Give back, unaltered, the lines from the one with "[공지] 「호크마교양대학 전공결정지원센터」 ECC B104호 신규 개관 안내" to the end of the material, omitting pictures.
+++ THE RECORDS
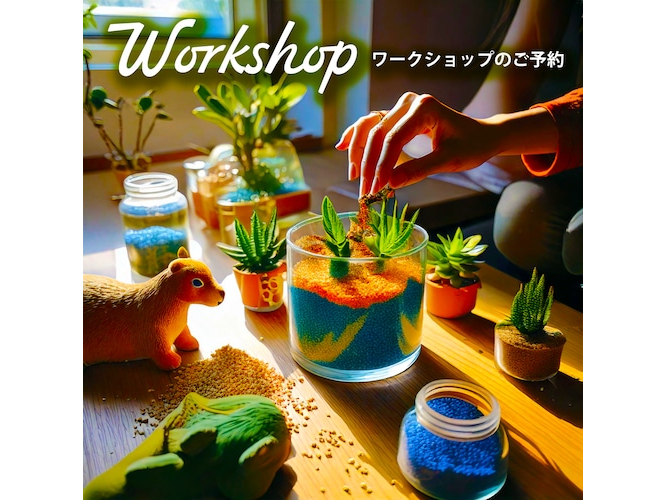 - カラーサンドの虹の砂漠に多肉の森をつくりましょう! カラーサンドで砂模様を楽しみながら苔と多肉植物が成長する過程をお楽しみください。 参加者全員にアクサセリータグを贈呈中!あなたの名前が入ります。
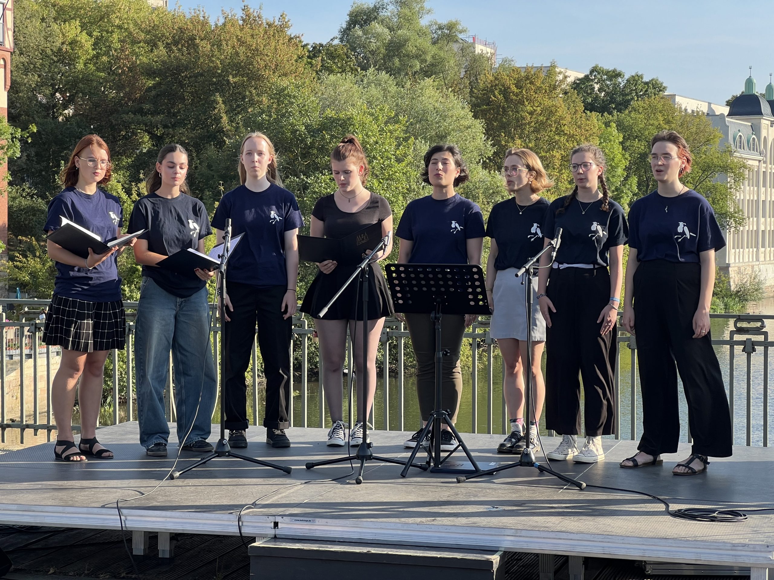 Nach der Sommerpause ging es auch in diesem Jahr mit dem Genzmer Brückenfest freudig weiter. Unser Mädchenensemble und unser Junges Ensemble standen dabei gemeinsam auf der Bühne, um ein kurzes aber bewegendes Konzert zu geben.
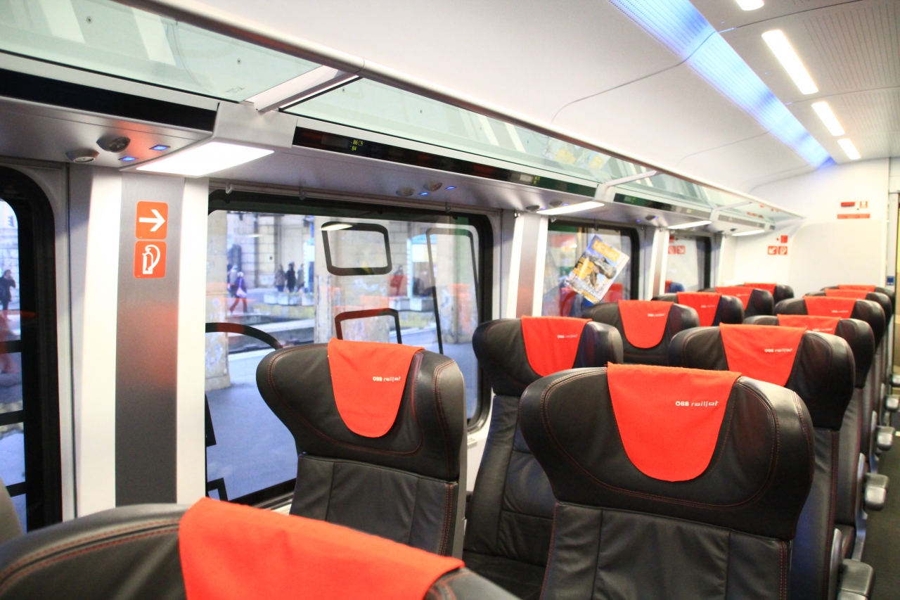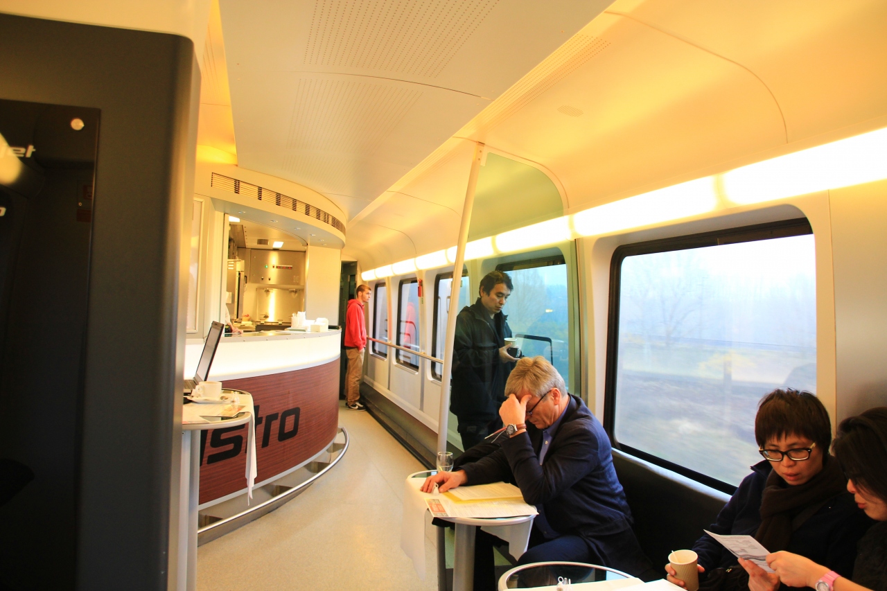 自分が乗ったのは一等車でしたが、駅にも一等客用のラウンジがある等、日本に比べてグレード差は大きくとってあるような気がします。といっても、イタリアでも特急の一等車に乗りましたが、乗り心地は新幹線のほうが良いような気がします。また、座席が固定なので、知らない人と向かい合って、足に気をつけなければならないというのも一等車ではどうかなという気がします。
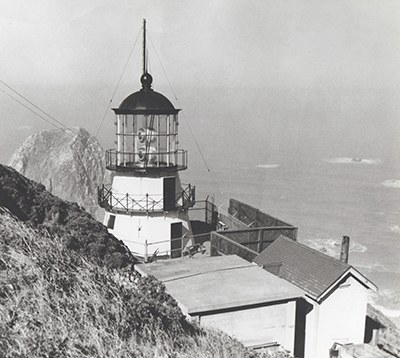 The Cape Mendocino Lighthouse Station as it appeared with its dual aero-beacons that had replaced the 1st order Fresnel lens after it was removed in 1948. (Lighthouse Digest archives) Back to the edition of: May/Jun 2020
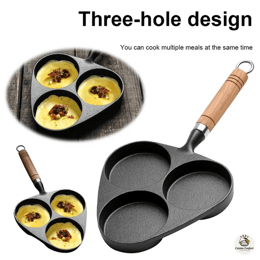 Poêle à crêpes fonte manche bois antiadhésive 3 trous
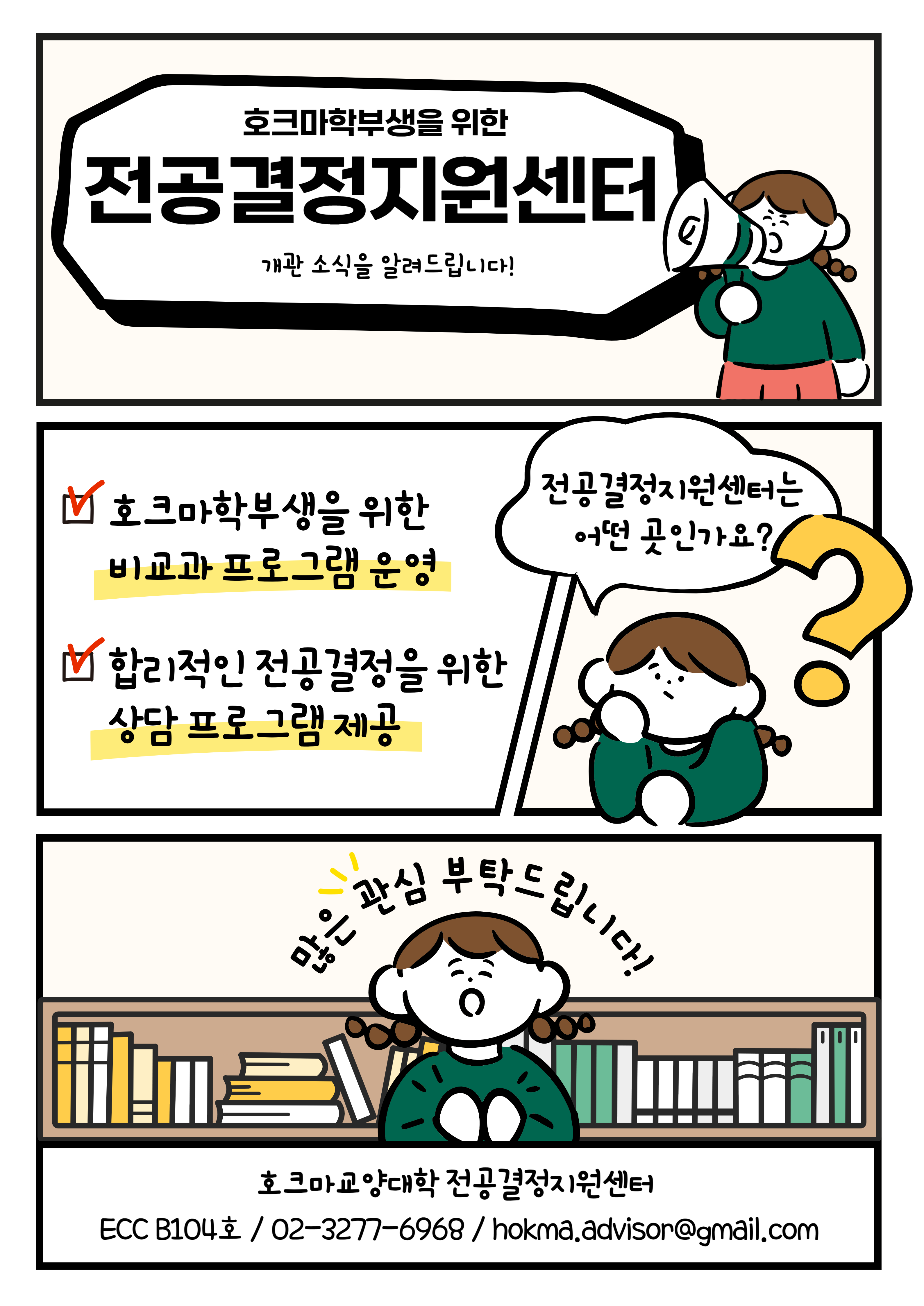[공지] 「호크마교양대학 전공결정지원센터」 ECC B104호 신규 개관 안내
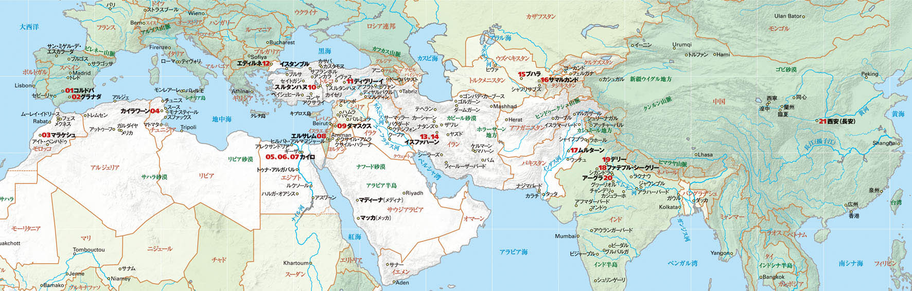 『イスラーム建築、その魅力と特質』の第1章に添えられた イスラーム建築地図。(制作:ジェイ・マップ) 本文中に出てくる地名をすべて記し、赤数字の番号は「イスラーム建築の名作」21点の所在地を示す。 番号は、単に地図上の位置を示すだけでなく、第2章以下における、本文の説明となる作品を、 すぐに参照できるようにするためのものでもある。 国の色分けは、人口に対する ムスリム(イスラーム教徒)の比率を示す。(白い国ほど 比率が高い)
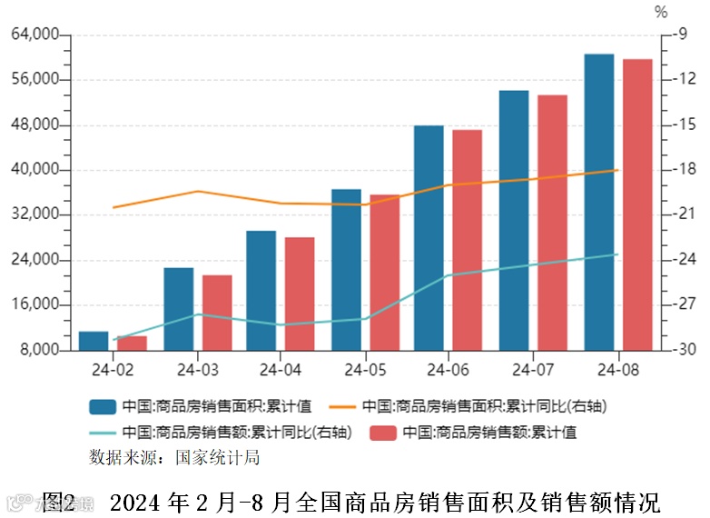 2024年1月至8月,全国新建商品房销售面积60602万平方米,同比下降18.0%,其中住宅销售面积下降20.4%。新建商品房销售额59723亿元,下降23.6%,其中住宅销售额下降25.0%。8月末,商品房待售面积73783万平方米,同比增长13.9%。其中,住宅待售面积增长21.5%。
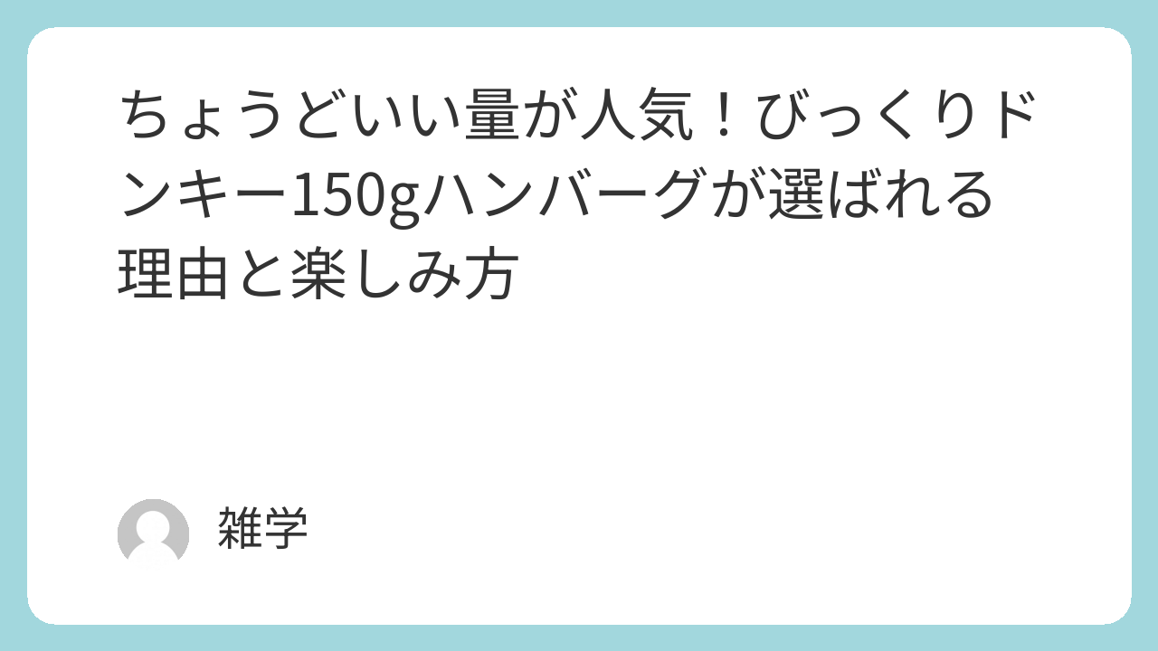 びっくりドンキーの150gハンバーグは、量と満足感のバランスが魅力です。
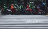 REPUBLIKA.CO.ID, JAKARTA -- Pengemudi ojek online melintas di kawasan Mampang Prapatan, Jakarta, Jumat (9/9/2022). Kementerian Perhubungan merevisi kenaikan tarif ojek online (ojol) dari sebelumnya berkisar 30-50 persen menjadi 6-13 persen yang akan diberlakukan mulai 10 September 2022.
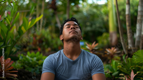 latin, american, man, practicing, deep, breathing, exercise, lush, garden
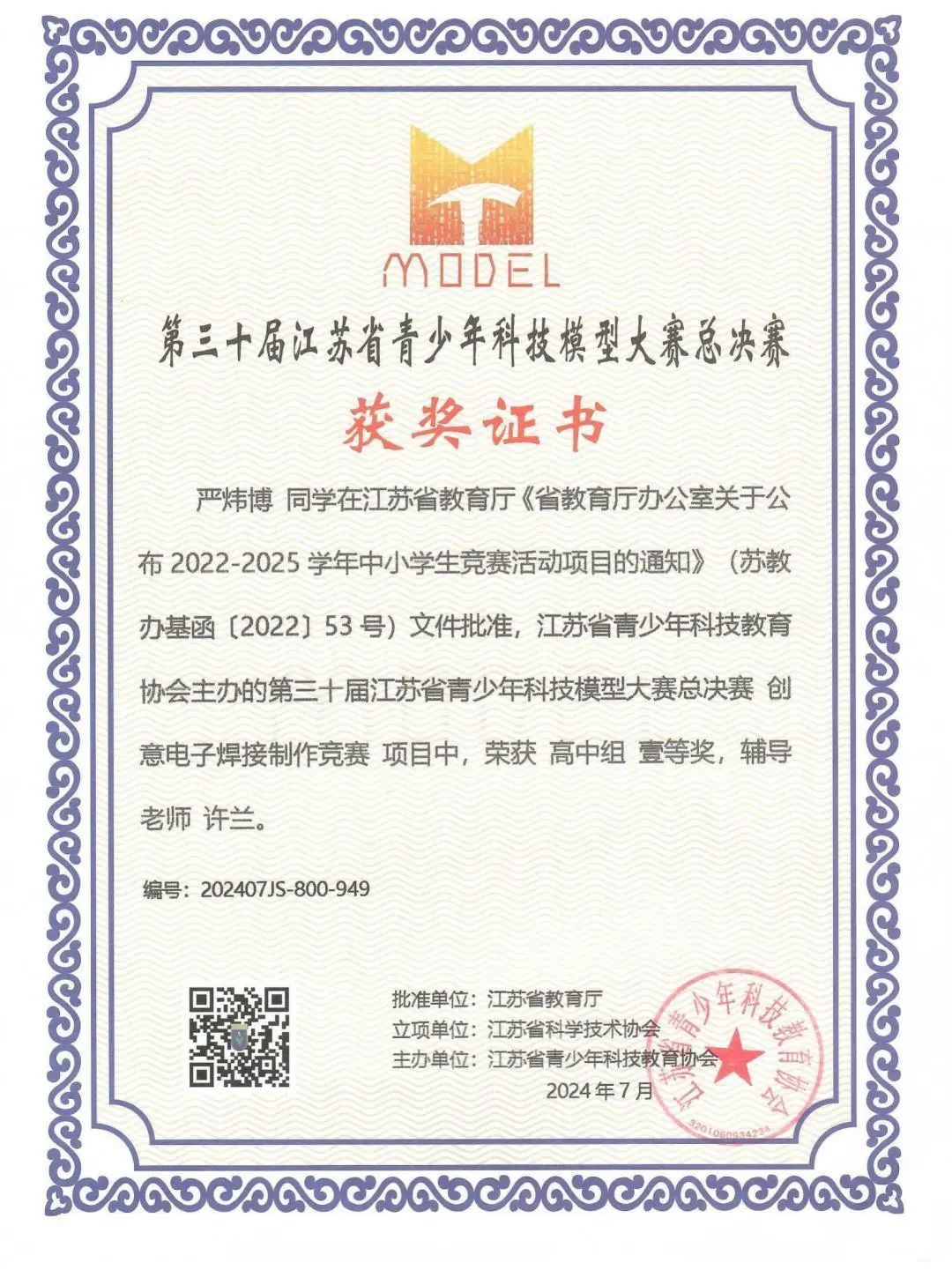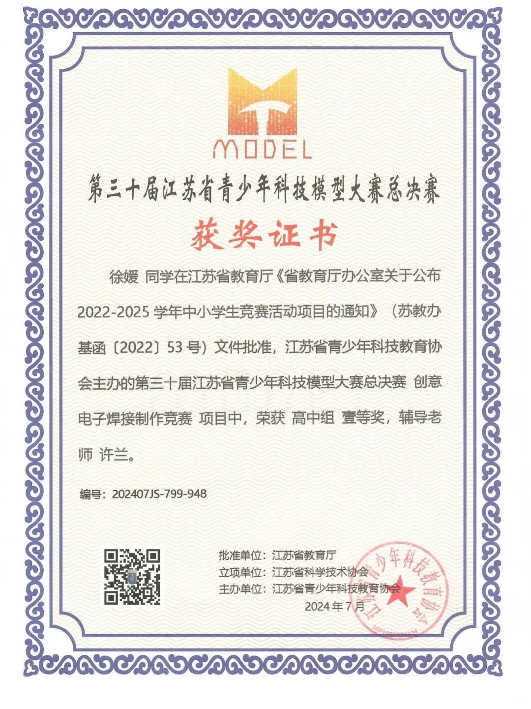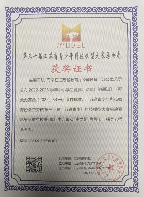 7月8日至14日,在第三十届江苏省青少年科技模型大赛总决赛中,梅村高中高周子航、邹心悦、李张诚3位同学,空港分校严炜博、徐媛、周越、王麒栋、卞正杰、李炎轩6位同学均获得省总决赛优异成绩。
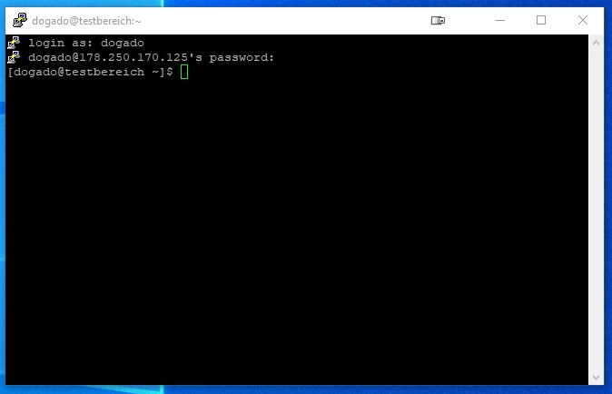 Mein Benutzer soll „dogado“ heißen. Also gebe ich folgendes ein:
++++++
» TASK OUTPUT
[공지] 「호크마교양대학 전공결정지원센터」 ECC B104호 신규 개관 안내
 『イスラーム建築、その魅力と特質』の第1章に添えられた イスラーム建築地図。(制作:ジェイ・マップ) 本文中に出てくる地名をすべて記し、赤数字の番号は「イスラーム建築の名作」21点の所在地を示す。 番号は、単に地図上の位置を示すだけでなく、第2章以下における、本文の説明となる作品を、 すぐに参照できるようにするためのものでもある。 国の色分けは、人口に対する ムスリム(イスラーム教徒)の比率を示す。(白い国ほど 比率が高い)
 2024年1月至8月,全国新建商品房销售面积60602万平方米,同比下降18.0%,其中住宅销售面积下降20.4%。新建商品房销售额59723亿元,下降23.6%,其中住宅销售额下降25.0%。8月末,商品房待售面积73783万平方米,同比增长13.9%。其中,住宅待售面积增长21.5%。
 びっくりドンキーの150gハンバーグは、量と満足感のバランスが魅力です。
 REPUBLIKA.CO.ID, JAKARTA -- Pengemudi ojek online melintas di kawasan Mampang Prapatan, Jakarta, Jumat (9/9/2022). Kementerian Perhubungan merevisi kenaikan tarif ojek online (ojol) dari sebelumnya berkisar 30-50 persen menjadi 6-13 persen yang akan diberlakukan mulai 10 September 2022.
 latin, american, man, practicing, deep, breathing, exercise, lush, garden
 7月8日至14日,在第三十届江苏省青少年科技模型大赛总决赛中,梅村高中高周子航、邹心悦、李张诚3位同学,空港分校严炜博、徐媛、周越、王麒栋、卞正杰、李炎轩6位同学均获得省总决赛优异成绩。
 Mein Benutzer soll „dogado“ heißen. Also gebe ich folgendes ein:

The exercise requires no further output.